Until we have a steady stream of foreign patients coming to Croatia all of these patients are just “cases.” You can’t build a business or an industry on cases. We need a system in place that makes these foreigners actively want Croatian medical services. Our diaspora needs to help us promote this by being the first to arrive and “test” these services, go back to their new homes and spread the word as ambassadors of Croatia. Only then we can achieve visibility we need as, in medicine, first-hand experience and positive media stories can create the necessary shift in the international community that is required for Croatia to become a respected medical tourism destination.
4. Croatia already has some high-level presence with international standing in the diaspora, for example, the Cleveland Clinic – what is the level of cooperation with Croatia’s health tourism sector and health?
Doctor Mihaljevic, the current CEO of the Cleveland Clinic, is an excellent example of an individual from Croatia, showing the world that our medical experts are amongst the best in the world. Unfortunately, there is very little that is being done in Croatia and abroad to promote this expertise, our best and brightest.
There are many hurdles in our local laws and destination management organizations that are still trying to understand medical tourism. Some positive moves are happening now, but it’s all happening to slow for us to join the world medical tourism stage today. We are still a few years away from this end goal and, without a real actionable plan at the moment. As it stands today, we are looking at ourselves, private health care providers, to try and join forces and reach-out to foreign patients with very little support from the rest of the tourism industry.
5. Croatia has an impressive health tourism story which is not being told loudly enough. How can the diaspora help to spread the message?
Croatia’s story is impressive, that is true. We offer excellent services and can connect these medical services to our tourism industry at a fantastic value to patients. For now, it’s just a story, and we still need to develop marketing strategies, reach-out to diaspora and foreign patients so this would turn into a lot more than just a story.
First and foremost, we need to brand Croatia as a destination before we can offer individual medical services and then and only then we can develop our medical tourism to the level it deserves.

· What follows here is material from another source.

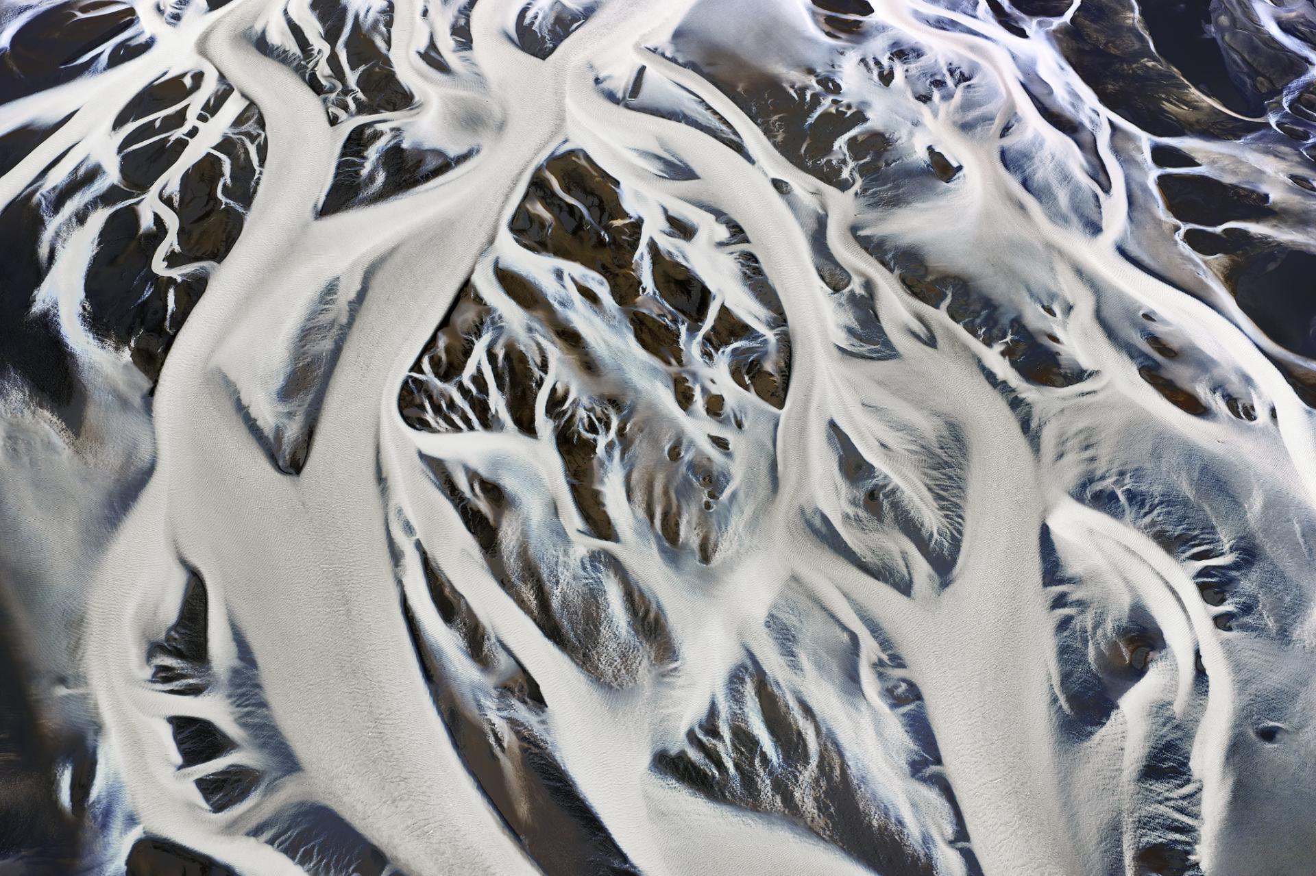 An abstract aerial photo of a beautiful braided river in the central highlands of Iceland.

Our diaspora can help us by being the first to try our services and become our ambassadors abroad.
6. The diaspora is very patriotic and supportive of the homeland, with many buying Croatian and supporting Croatian businesses wherever they can, but health is health. What do you have to say to diaspora who are happy to recommend using Croatian companies, but are a little hesitant when it comes to using its health tourism facilities?
I have a message for our diaspora,
“Come to Croatia, solve your medical problems here, save money and see your homeland. Our doctors and private healthcare providers are excellent, and you should not be afraid to trust them. We already are great at what we do and provide our services to Croats and foreigners now, help us spread the word about Croatia, and its medical tourism offerings amongst your friends. So, Croatia can thrive, and our doctors don’t have to leave our beautiful homeland looking for work!”